The proposal was submitted by Luke Flanagan, an Irish member of the European United Left/Nordic Green Left movement which is formed of MEPs representing various progressive parties. It goes on to say that the ‘suspension can be partial and focus on economic sectors which benefit from the murder and displacement of the population, such as the production of palm oil and bananas.’ Other MEPs are encouraged to add their names to the proposal.
The move to pressure the Colombian government over its human rights record has also found political support in Colombia, specifically from the runner-up in the 2018 presidential election, Gustavo Petro. Currently a senator in the Colombian congress, Petro wrote to MEPs asking them to support the proposal and emphasising the European Parliament’s support for the peace process.
Petro also raised the recent killing of historian and political activist, Campo Elías Galindo, who was killed inside his home in Medellin on 1 October, as an example of just one of the hundreds of murders of social activists and human rights defenders since the peace agreement was signed just under four years ago.
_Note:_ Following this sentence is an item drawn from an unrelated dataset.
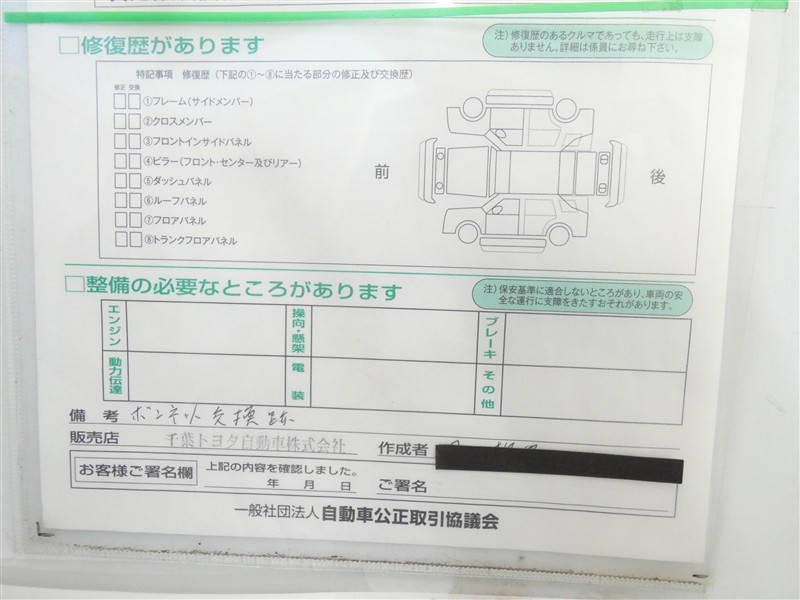 - 「定期点検整備なし(要整備箇所あり)」の場合、整備箇所につきましては、販売店へお問合せください。

State security forces have been implicated in multiple human rights abuses since President Iván Duque took office in August 2018. In regions such as Catatumbo, northeast Colombia, and Nariño, in the southwest, soldiers are accused of committing killings against civilians protesting the forced eradication of coca crops, a practice which appears to contravene the agreement’s stipulation on voluntary eradication. In November last year, defence minister Guillermo Botero was forced to resign following a military raid which killed at least eight minors. Earlier this year, the military was found to have been illegally spying on opposition politicians, human rights defenders, journalists and trade unionists.
Most recently, security forces are accused of major violations during protests in Bogota on 9 and 10 September over the police killing of Javier Ordóñez. The United Nations High Commissioner for Human Rights, Michelle Bachelet, said that police violence could have killed up to 13 people, while the mayor of Bogota, Claudia López, accused police of ‘shooting indiscriminately’ at civilians. The Supreme Court has also declared the police to have committed systematic violence and violated fundamental democratic rights in their attempts to suppress peaceful protest.